Just two weeks after requesting voter information from election officials in all 50 states, President Trump's election commission is halting its data collection initiative entirely, thanks to a lawsuit filed by the Electronic Privacy Information Center. The commission, led by Vice President Mike Pence and Kansas Secretary of State Kris Kobach, had asked for detailed information on the registered voters in each state, but a representative said in a court filing Monday that it will pause the effort until the lawsuit is resolved.

EPIC claims that the commission broke federal law when it asked state election officials to submit all "publicly available voter roll data" as allowed by state law. Under the E-Government Act of 2002, the federal government must take specific safeguards while collecting personal information to ensure the security of that information. Before collecting any such information, agencies are required to write and release what's called a Privacy Impact Assessment, a document that explains how the data is stored, transmitted, and managed.
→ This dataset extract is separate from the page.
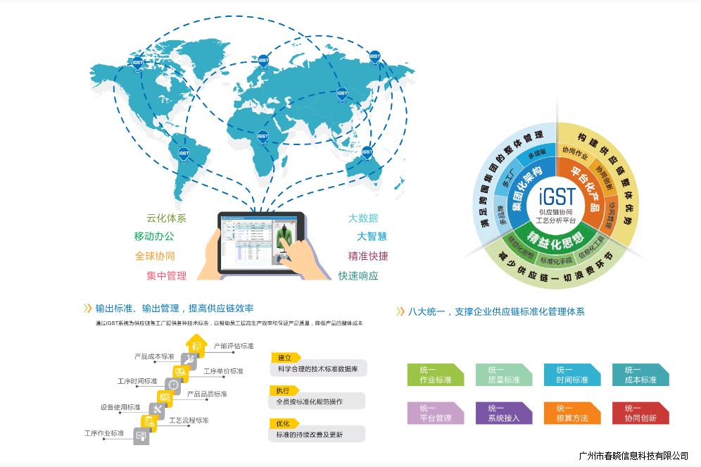 通过QM球盟会iGST标准化协同管理平台,特步供应链管理部门协调内部外部信息,让供应链的每一个参与者都能清晰了解并掌握生产工艺、品质要求、工艺流程、作业方法、作业时间、作业成本、生产计划、订单负荷、人机需求等标准化数据、从而达到统一标准、统一规范化的管理。

According to EPIC, the Trump commission didn't conduct a Privacy Impact Assessment before requesting the data. The watchdog group also said that the commission planned to transmit the voter data via an unsecured Army website. Incidentally, this issue is at the center of another lawsuit that's been filed against the election commission by the watchdog group Public Citizen.
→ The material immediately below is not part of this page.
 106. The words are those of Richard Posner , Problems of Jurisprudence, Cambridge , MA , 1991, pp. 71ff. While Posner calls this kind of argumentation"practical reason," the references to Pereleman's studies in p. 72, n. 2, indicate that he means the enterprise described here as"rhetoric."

EPIC asked a federal judge to block the commission from collecting any more data until it complies with the E-Government Act. But the commission opted to do so voluntarily: In court documents filed Monday, the commission said that it has sent an email to state officials telling them to "hold on submitting any data" about its registered voters.

Kobach sent his original letter on June 28, asking state secretaries of state to turn in publicly-available voter information, which in some states could include names, addresses, voting history, party registration, and the last four digits Social Security numbers. But many state officials rejected this request, either in full or in part — including Kobach himself, who announced that, in his capacity as Kansas' Secretary of State, he won't send voters' Social Security numbers to the commission that he himself leads. In another notable response, Mississippi Secretary of State Delbert Hosemann, a Republican, said that the commission "can go jump in the Gulf of Mexico, and Mississippi is a great state to launch from."

On Monday, two additional organizations — the ACLU and the Lawyers’ Committee for Civil Rights Under Law — also sued the election commission. Both groups are claiming that the commission has violated the Federal Advisory Committee Act by failing to hold public meetings or make records of its meetings publicly available.